Cough - Sigillum Luciferi. 85/100.

I never realised before just a second ago that Cough remind me of a combination of three bands I already enjoy and have liked for some time now; Corrupted from Japan, Electric Wizard from England and Ancestors from America, just like Cough. When I first discovered this band, I was attracted by some of the song titles and even the intriguing record name, ‘Sigillum Luciferi’, which sounds like some sort of black metal incantation. Of course, the leap from black metal to this is a long and diverse way that will have many of us lost along the transition. Comparing the two genres is like comparing the countryside of England, with its luscious rolling hills and endless fields, with the stunning landscapes of places like America and even obscured lands like Australia, that essentially has it all in terms of landscapes -- from dense rain forests to scarcely populated deserts -- these lands are able to provide the tourist with a package deal that contains almost everything. Everything except subtle beauty.

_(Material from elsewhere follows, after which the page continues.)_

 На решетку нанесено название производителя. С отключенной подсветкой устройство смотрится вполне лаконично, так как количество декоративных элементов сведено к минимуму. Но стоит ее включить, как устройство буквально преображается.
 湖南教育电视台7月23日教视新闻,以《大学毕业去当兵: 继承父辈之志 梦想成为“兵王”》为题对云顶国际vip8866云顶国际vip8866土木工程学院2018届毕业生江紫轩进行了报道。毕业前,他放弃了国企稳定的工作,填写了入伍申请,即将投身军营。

I once read in a novel entitled ‘The Remains of the Day’ by Kazuo Ishiguro that although the countryside of England may not be as outstanding as the mountains of America, or canyons that seemingly drop to the depths of hell, but is subtle beauty is worth more than what it first appears and, given that, it achieves a much more pleasurable feelings in the voyeur than places like America who’s beauty is artificial in comparison to the subtleties of the colourful and rolling hills that are inhabited by some of the most timid animals you’re likely to come across. Like England’s subtle appeal, Cough offer much the same feeling as their subtle comparisons and possible influences weave their ways around the soundscapes with dramatic affects and in much the same way we first saw on the creation of films like Donnie Darko, where Donnie’s soul is transported out of his body and guides him to mischief. These subtle occurrences within the songs show us that we should judge the record based on the inner workings, the base, the core, rather than resting our opinions on the outside where shallow perceptions are created and thus ending our affiliation with the bands we’re judging.

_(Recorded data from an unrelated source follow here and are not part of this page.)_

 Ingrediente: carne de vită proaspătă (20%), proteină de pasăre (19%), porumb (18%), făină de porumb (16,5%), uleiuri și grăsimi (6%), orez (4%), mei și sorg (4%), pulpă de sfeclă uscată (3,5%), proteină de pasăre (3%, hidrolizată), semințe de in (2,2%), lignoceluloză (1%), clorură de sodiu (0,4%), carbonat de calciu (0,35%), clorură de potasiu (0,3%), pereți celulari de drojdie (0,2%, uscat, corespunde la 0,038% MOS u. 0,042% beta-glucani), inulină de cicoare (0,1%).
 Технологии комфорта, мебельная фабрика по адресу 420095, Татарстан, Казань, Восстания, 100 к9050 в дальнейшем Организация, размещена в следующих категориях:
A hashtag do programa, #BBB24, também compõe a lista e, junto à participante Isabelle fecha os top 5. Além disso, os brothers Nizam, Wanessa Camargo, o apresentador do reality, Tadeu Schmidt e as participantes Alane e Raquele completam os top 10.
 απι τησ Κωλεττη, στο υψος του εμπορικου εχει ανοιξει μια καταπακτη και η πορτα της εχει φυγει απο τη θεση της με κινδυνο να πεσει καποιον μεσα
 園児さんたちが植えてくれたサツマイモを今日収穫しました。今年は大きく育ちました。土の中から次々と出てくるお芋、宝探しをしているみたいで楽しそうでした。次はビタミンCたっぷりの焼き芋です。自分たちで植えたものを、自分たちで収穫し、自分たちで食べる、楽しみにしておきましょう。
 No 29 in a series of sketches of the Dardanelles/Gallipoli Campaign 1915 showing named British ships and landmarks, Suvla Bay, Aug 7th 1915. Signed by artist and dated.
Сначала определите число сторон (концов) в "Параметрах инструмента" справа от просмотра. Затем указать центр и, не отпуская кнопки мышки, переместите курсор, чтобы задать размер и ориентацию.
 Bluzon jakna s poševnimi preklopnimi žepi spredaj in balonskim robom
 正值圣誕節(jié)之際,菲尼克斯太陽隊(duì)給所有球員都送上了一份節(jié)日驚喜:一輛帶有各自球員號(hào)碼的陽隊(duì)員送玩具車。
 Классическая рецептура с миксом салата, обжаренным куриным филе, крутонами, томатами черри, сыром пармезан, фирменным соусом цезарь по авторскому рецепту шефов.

Although it is difficult to do so, judging a band with a clean and concise mind is essential, especially when you’re dealing with bands who play within styles you’re either A) not entirely comfortable with or B) know very little about. In terms of this three piece hybrid, I am a little surprised at a number of things going on within the record and that are taking place on the impacting outside. First, there is only one guitarist contributing to this piece. This surprising me. Not only is doom a particularly heavy genre, but when interspersed with sludge, another heavy genre itself in differing ways, I would have expected two guitarists to be laying down the foundations, as opposed to one and the bassist. However, the soundscapes produce heavy atmospheres that entrance the listener as they evolve with the record at slow speeds. Cough consist of musicians who are capable of achieving their goals in one movement, without the use of more musicians on top of the already significant soundscapes that deserves superlatives of the highest order. Back to a previous point on comparisons.

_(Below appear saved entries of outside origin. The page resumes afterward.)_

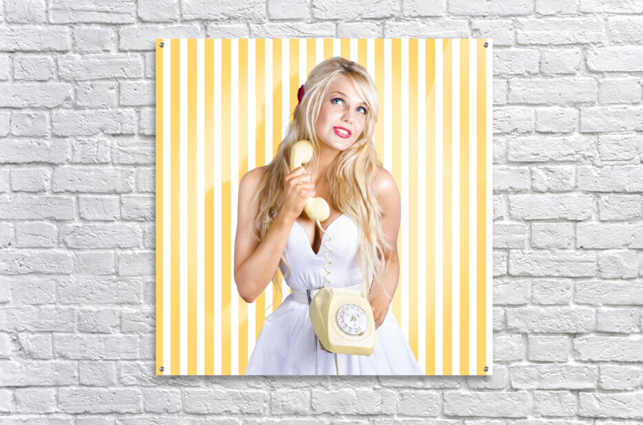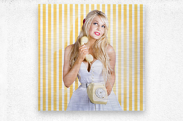 ABOUT THIS ARTWORK: FEMALE MODEL WITH PHONE IN CLASSIC RETRO FASHION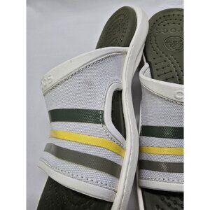 Mens Crocs Slip On Sandals Sobek 9 White/Green Stripes Canvas Slide Sandals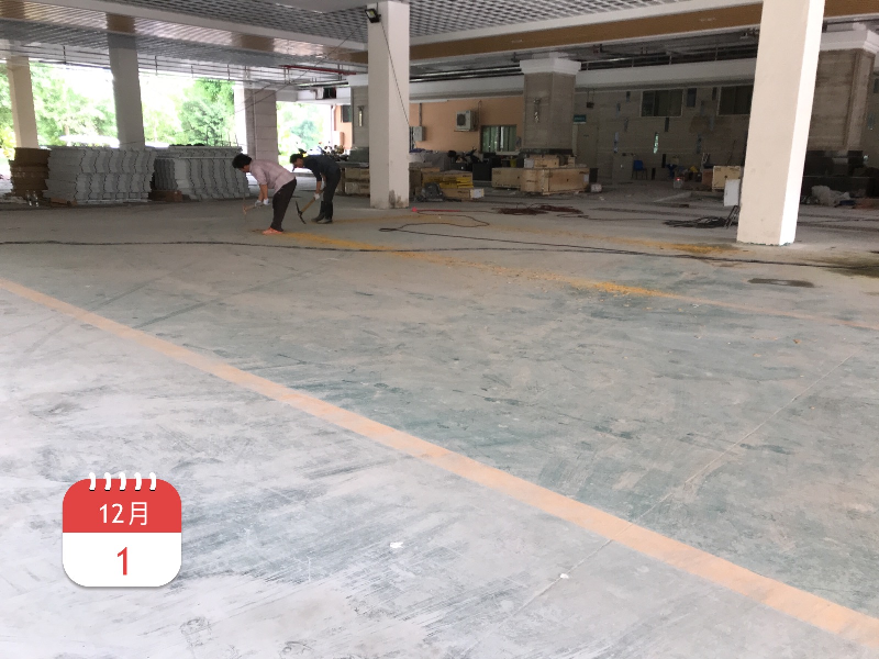 由于以前做过地板漆,结合现场情况,决定用水磨石机将地面打磨,再用地坪打磨机打磨(磨块为石头):

I suppose when Cough exemplify a sound that reminds the listeners of the astral ways of Ancestors, given the distant and surprising clean vocals that are sparsely used to great affect, the heaviness of the bass and guitars that leans partially towards the stoner genre too, which is where the Electric Wizard vibe comes into play (as well as the clean vocals which are reminiscent of Jus’ vocals on mid-era records like the infamous ‘Dopethrone’ -- with the guitars really hitting the heights of this particular record on songs like the rhythmically pleasing ‘288 Years of Sin’), the band are strangely deceptive. The first half of this record split’s the possible influences down the middle, with Corrupted coming out on top to begin with, due to the heavy depictions of bass and soundscapes that rely on the heaviness to penetrate the listeners mind. As the record begins to flow seamlessly, the band generate a feel for Ancestors in their use of astral projections in the soundscapes that conjure images of nature, space and eternity.

The further down the record we go, the more the band starts to implement European characteristics into the approach, giving them an established feel to the potentially universal sound they’ve already developed up until now. Then, finally, there are even more subtle influences seeping through into the instrumentation and aggressive soundscapes on songs like ‘Northern Plague’, which bring back memories of hateful sludge bands like Dystopia, given the experimentation with samples and vocals (the band seems to use two vocalists, whom can sometimes mesh together in sound making me unable to distinguish them). This is a ploy Dystopia apply to their own sound too, using a number of vocalists whom each have different styles which ultimately culminates in a fresh, dynamic feel. The record ends on a high note before it becomes too repetitive and too monotonous for my liking. So, as it ends, my opinion of this band begins to shimmer down and my feet are firmly planted to the ground. I know what I like about this band because their approach is honest and doesn’t consist of any bullshit to make it seem like what it is not. ‘Sigillum Luciferi’ has confusingly seen little attention around here and hopefully, that is about to change.